On the two races for seats on the N.C. Supreme Court, Republicans appear to be shoring up their advantage, with Republican candidates Richard Dietz and Trey Allen securing 49% support apiece compared to 38% support for Democrat Lucy Inman and 39% support for Democrat Sam Ervin.

Republicans also shored up their advantage on the generic congressional and legislative race matchups, according to the survey’s results. Fifty-one percent would pick a Republican on a generic ballot for the General Assembly and 39% say they would pick a Democrat. For Congress, 51% would pick the GOP and 41% a Democrat.

President Joe Biden’s approval rating continued to remain low at 33% compared to 60% who disapprove. Gov. Roy Cooper remained even in his performance rating, with 44% approving and 44% disapproving. Seventy-eight percent of respondents said Biden has “all” or “some” responsibility for inflation. Eighty-nine percent said inflation in the U.S. was “a huge problem.”

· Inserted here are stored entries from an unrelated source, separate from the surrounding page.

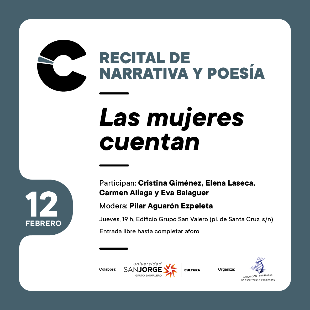 El jueves 12 de febrero, la Asociación Aragonesa de Escritoras y Escritores, en colaboración con Cultura USJ, organiza en la Sala Ebro del Edificio Grupo San Valero el Recital de narrativa y poesía Las mujeres cuentan. En este encuentro, presentado por Pilar Aguarón, cuatro mujeres de la escena literaria y cultural zaragozana seleccionarán y leerán relatos breves escritos por mujeres.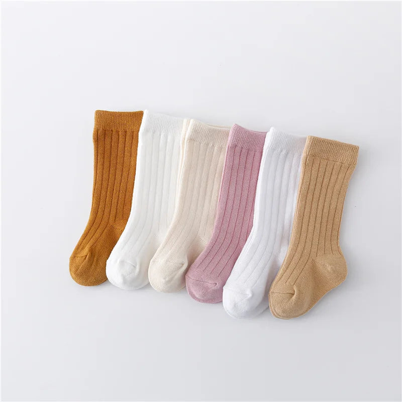 Keep your little ones' feet cozy and stylish with these adorable knee-length socks. Crafted from soft and breathable cotton material, these socks are perfect for everyday wear, school, or sports activities.
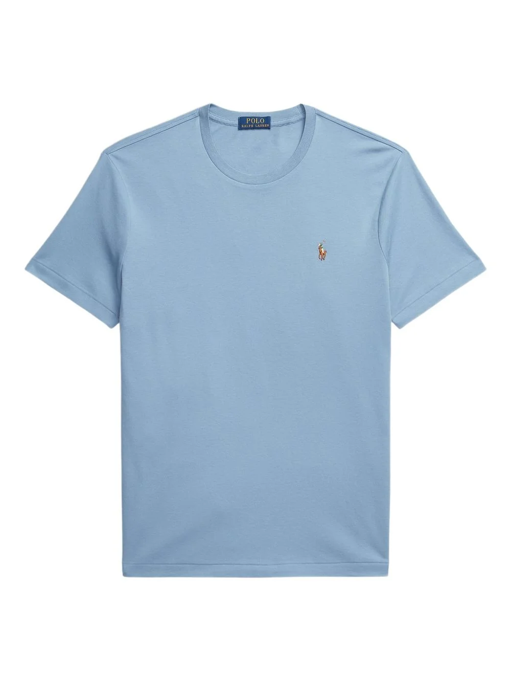 THIS BABY BLUE COTTON T-SHIRT FEATURES A CLASSIC ROUND NECK AND SHORT SLEEVES FOR A TIMELESS, COMFORTABLE FIT. THE STRAIGHT HEM ENSURES A CLEAN SILHOUETTE, WHILE THE SIGNATURE POLO PONY MOTIF ADDS A SUBTLE YET DISTINCTIVE BRAND DETAIL. PERFECT FOR LAYERING OR WEARING ON ITS OWN, IT COMBINES SIMPLICITY WITH REFINED STYLE.

The trendline continues downward on sentiment about whether the U.S. is headed in the right or wrong direction, with 22% saying right track and 72% saying wrong track.

Seventy-seven percent believe the U.S. is currently in a recession, with 13% saying the nation is not. Asked which metric they believe most indicates whether the country is in a recession, the runaway favorite was “prices of goods and services” at 63%.

Asked “how difficult or easy do you find it to afford food right now?” 59% said “difficult” and 18% said “easy.” The same question on gas yielded 76% saying “difficult” and 11% “easy.”

On the question of what is to blame for high gas prices, 32% said the war in Ukraine compared to 61% who said the policies of the federal government.

A majority of respondents believe that former President Donald Trump legitimately won the election in 2016 (68%) and President Biden legitimately won in 2020 (58%).

The survey was conducted June 17 to 19, 2022, with 600 likely general election voters.